Пытки вроде бы и не было, но обвиснувшее в хомутах тело Ильи пылало в огне, и света белого, что народился в оконце, Зерщиков уже не видел. В преисподней тьме, куда летела его ободранная длинниками, нагая душа, невнятно мельтешили бредовые картины прошлого. Сверкали степными зарницами искры от схлестнувшихся в бою казацких сабель, клубился багрово-сизый дым от невиданных пожарищ, разметавшихся по всей земле от Азова до Воронежа и от Запорожских кошей до синей Волги…

Все горело пыточным огнем – степь с некошеными травами, леса дремучие под Муромом, кручи береговые, люди и кони, птицы и самое небо. И, словно степной орел с подбитым крылом, сидел Булавин супротив Илюхи Зерщикова, живой и опасный, подперев кулаком бороду, кручинился в тяжкой думе.

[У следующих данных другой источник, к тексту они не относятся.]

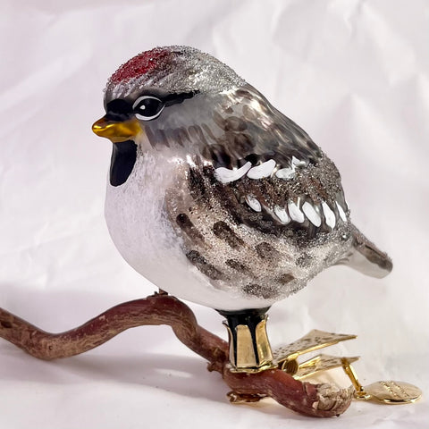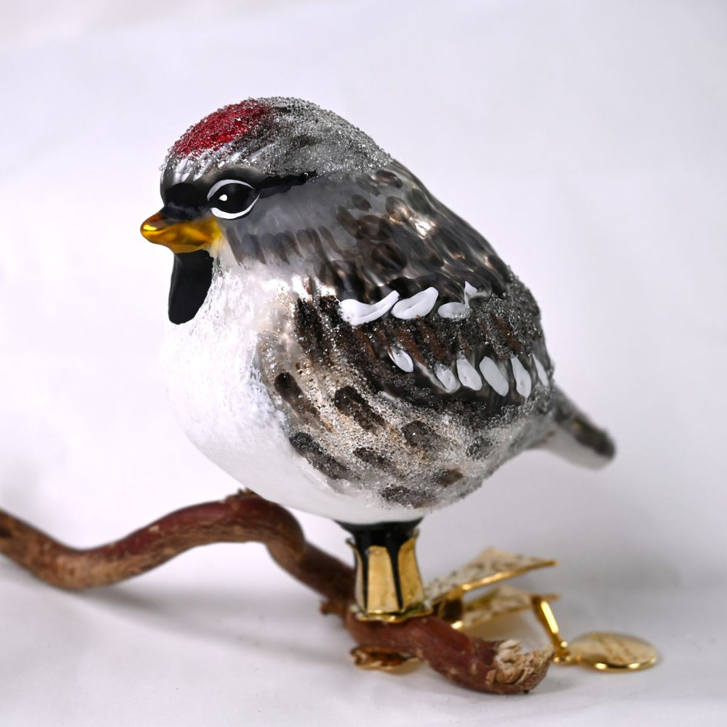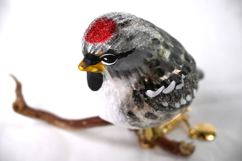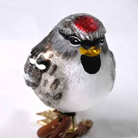 Gråsisik på clip, ca 8 cm høy og 10 cm fra nebb til haletipp.  Munnblåst glass (figurer og egg blir blåst i en form, kuler blir blåst «fritt»), dekorert for hånd.
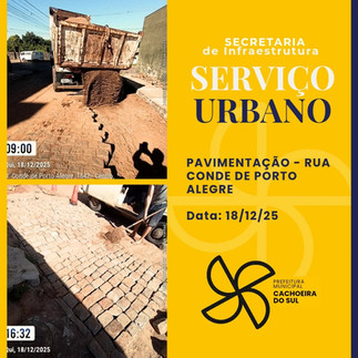 No Centro da cidade, equipes atuaram na Rua Conde de Porto Alegre, onde foi executado serviço de pavimentação, com recomposição do calçamento e melhorias na base da via. A intervenção busca garantir mais segurança e melhores condições de tráfego para motoristas e pedestres.

Лето веселое пролетело, атаманы и полковники Кондрата шибко погуляли по России, победные отписки слали со всех концов, Камышин и Борисоглебск взяли, под Саратов подступали, о Слободской Украине и говорить нечего, она вся костром взялась. Только Азов не давался в руки Кондратию, держался крепко. И не мог понять Булавин, какая дьявольская сила заставляла азовских стрельцов покорно служить неправде, а на письма подметные, на призывы вольные отвечать меткой пушечной шрапнелью. Почему азовский губернатор на всякую его уловку находил свой резон, будто узнавал о ней загодя?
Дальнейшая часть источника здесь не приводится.